Bug #1703686 reported by Andres Rodriguez
8
This bug affects 1 person
Affects Status Importance Assigned to Milestone
MAAS
Invalid
Critical
Unassigned
2.2
Invalid
Critical
Unassigned

Bug Description

It was reported that when doing some changes to MAAS model, it causes the rack controller to disconnect.

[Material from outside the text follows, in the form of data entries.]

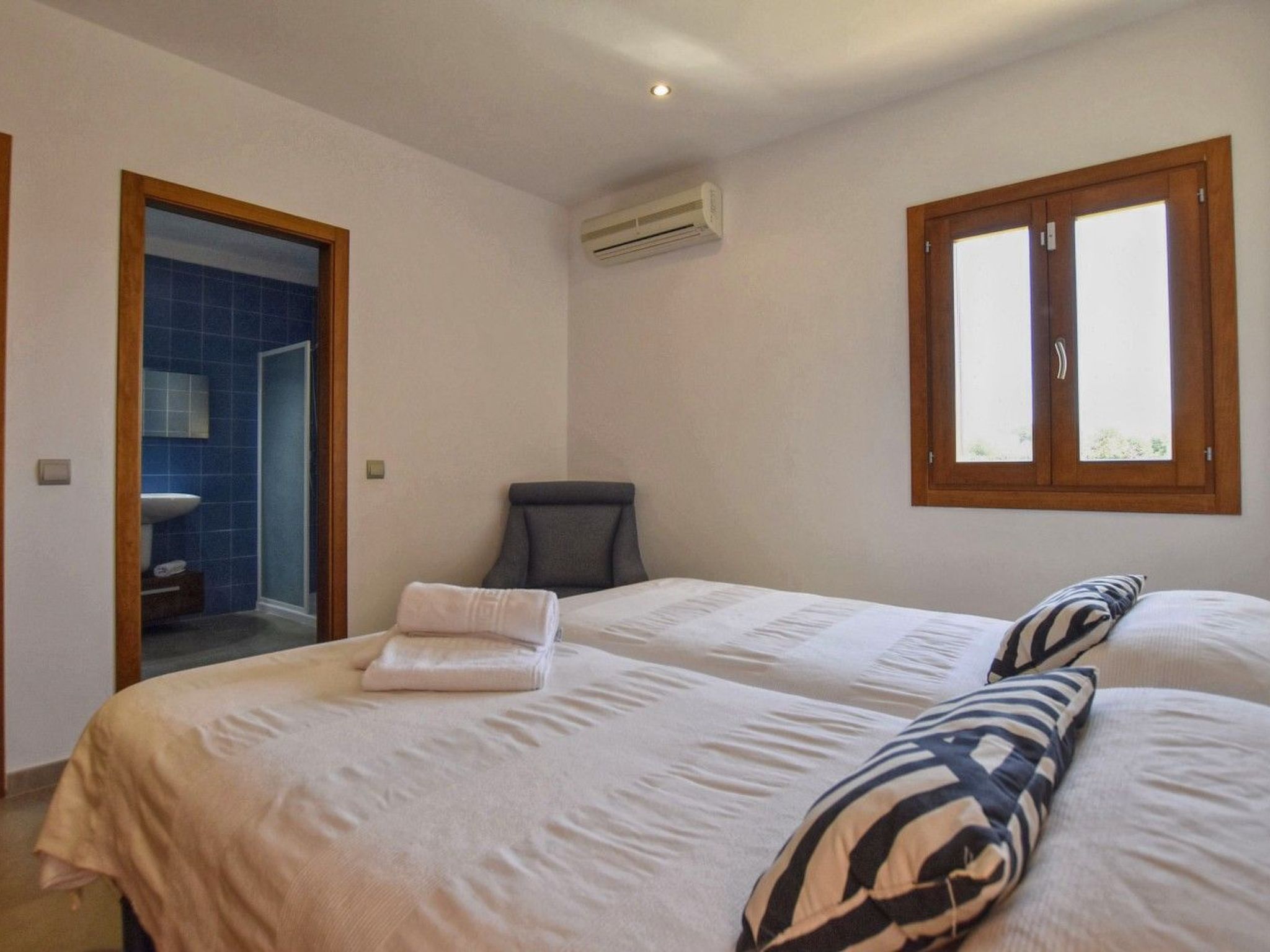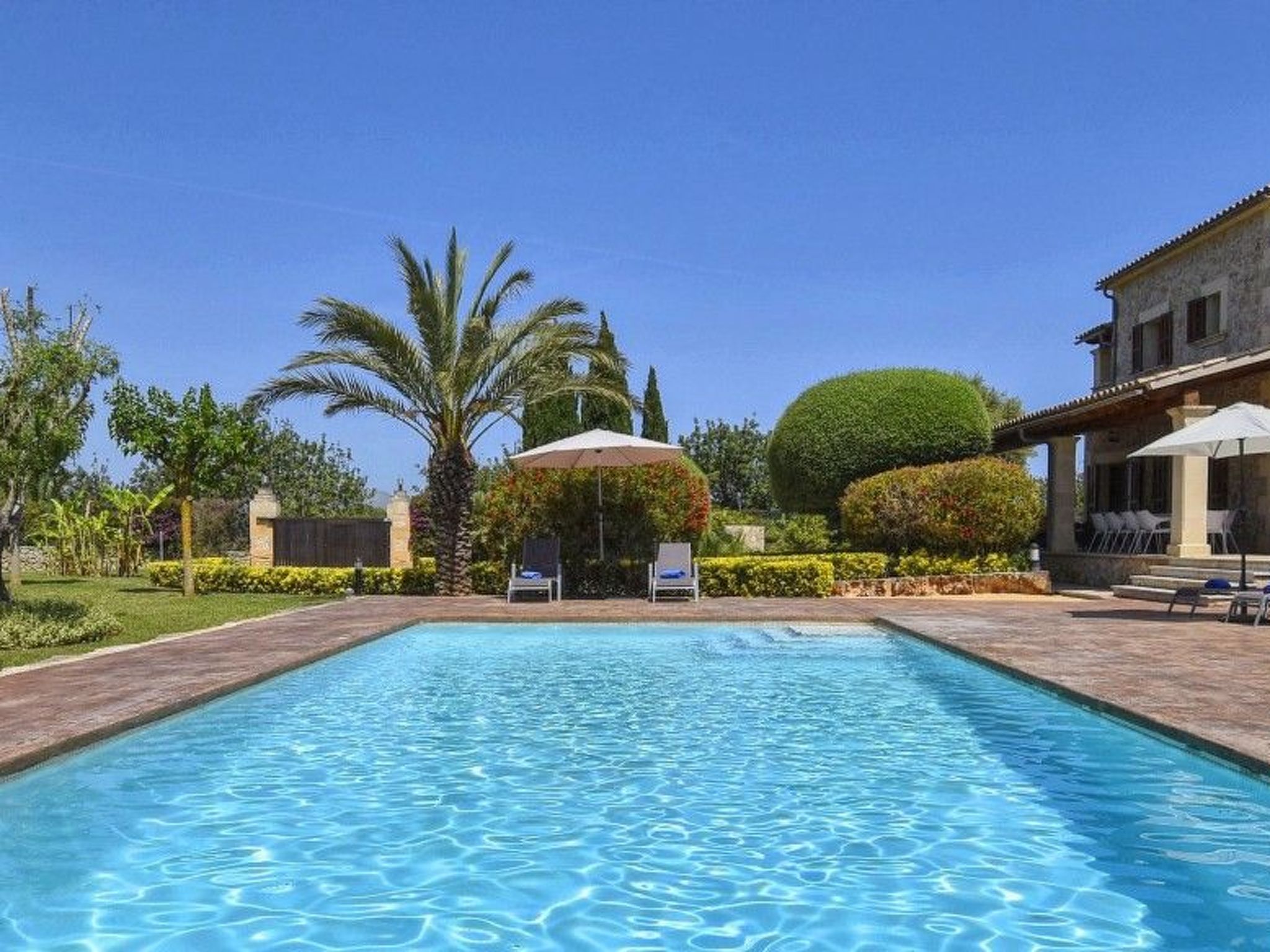 Modernes Landhaus aus Stein mit einem wunderschönen privaten Swimmingpool, ganz in der Nähe der Stadt Alcudia im Norden der Insel, mit herrlichem Panoramablick auf die Landschaft und die Berge und nur wenige Kilometer von den schönen Stränden entfernt. Erbaut auf 2 Etagen, mit exzellenter Ausstattung und gepflegter Inneneinrichtung. Das Haus ist sowohl im Winter als auch im Sommer voll klimatisiert und auch für kleine Kinder geeignet. Es hat 4 Schlafzimmer (3 Doppel- und 1 Zweibettzimmer), 4 komplette Badezimmer (alle en suite und eines mit Hydromassage-Badewanne). Die Küche ist voll ausgestattet und unabhängig vom Wohn-Esszimmer mit Zugang zur Veranda und zum Schwimmbad. Das Haus verfügt über mehrere Terrassen und eine möblierte Veranda sowie eine wunderschöne Sonnenterrasse mit Holzterrasse rund um den Swimmingpool und Terrassenmöbeln und Sonnenliegen. In einer ruhigen Gegend gelegen, aber in der Nähe des Dorfes und aller Annehmlichkeiten, ist es die ideale Immobilie, um einen tollen Urlaub mit absoluter Privatsphäre und allen Annehmlichkeiten zu genießen.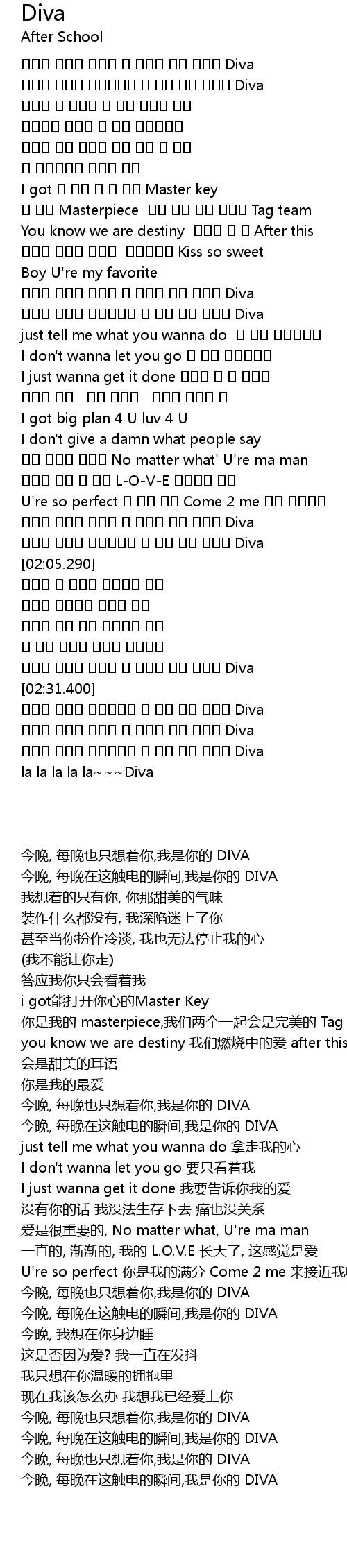 | [02:38.590] | 오늘밤 매일밤 짜릿짜릿한 이 순간 나는 그대의 Diva |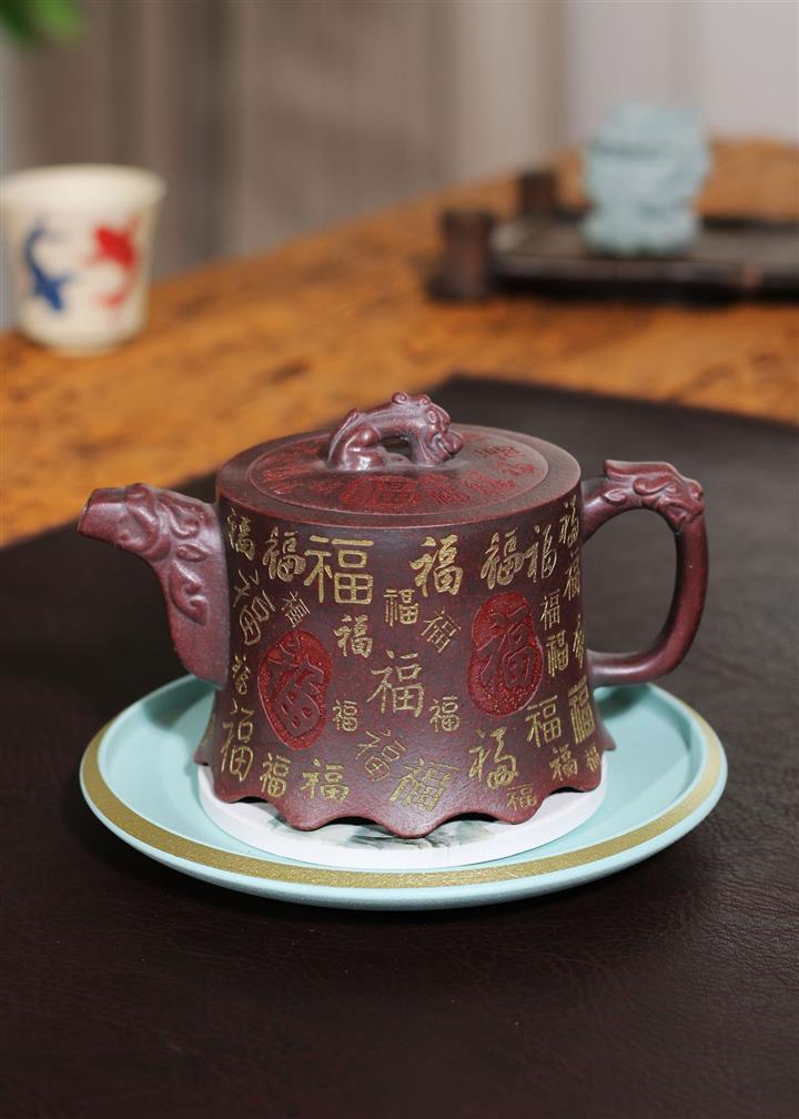 【泥料特點】砂土氣重,似淳實農民,日久使用,漸露鋒芒,養成變化,溫潤莊重。紫砂是壹種雙重氣孔結構的多孔性材質,氣孔微細,密度高。用紫砂壺沏茶,不失原味,且香不渙散,得茶之真香真味。紫砂使用越久,壺身色澤越發光亮照人,氣韻溫雅。紫砂壺長久使用器身會因撫摸擦拭,變得越發溫潤光澤。

Statement:

"just changing the fabrics the various VLANs and subnets belong to seems to set it off"

Causes:

2017-07-11 16:20:57 twisted.internet.protocol.Factory: [info] RegionServer connection established (HOST:IPv6Address(TCP, '::ffff:172.26.10.11', 5252) PEER:IPv6Address(TCP, '::ffff:172.26.10.11', 43936)) [11/2555]
2017-07-11 16:20:57 twisted.internet.protocol.Factory: [info] RegionServer connection established (HOST:IPv6Address(TCP, '::ffff:172.26.17.11', 5251) PEER:IPv6Address(TCP, '::ffff:172.26.17.11', 46664))
2017-07-11 16:20:57 twisted.internet.protocol.Factory: [info] RegionServer connection established (HOST:IPv6Address(TCP, '::ffff:172.26.16.11', 5250) PEER:IPv6Address(TCP, '::ffff:172.26.16.11', 41964))
2017-07-11 16:20:57 maasserver.rpc.regionservice: [info] Rack controller authenticated from '::ffff:172.26.16.11:38184'.
2017-07-11 16:20:57 maasserver.rpc.regionservice: [info] Rack controller authenticated from '::ffff:172.26.10.11:43936'.
2017-07-11 16:20:57 maasserver.rpc.regionservice: [info] Rack controller authenticated from '::ffff:172.26.16.11:41964'.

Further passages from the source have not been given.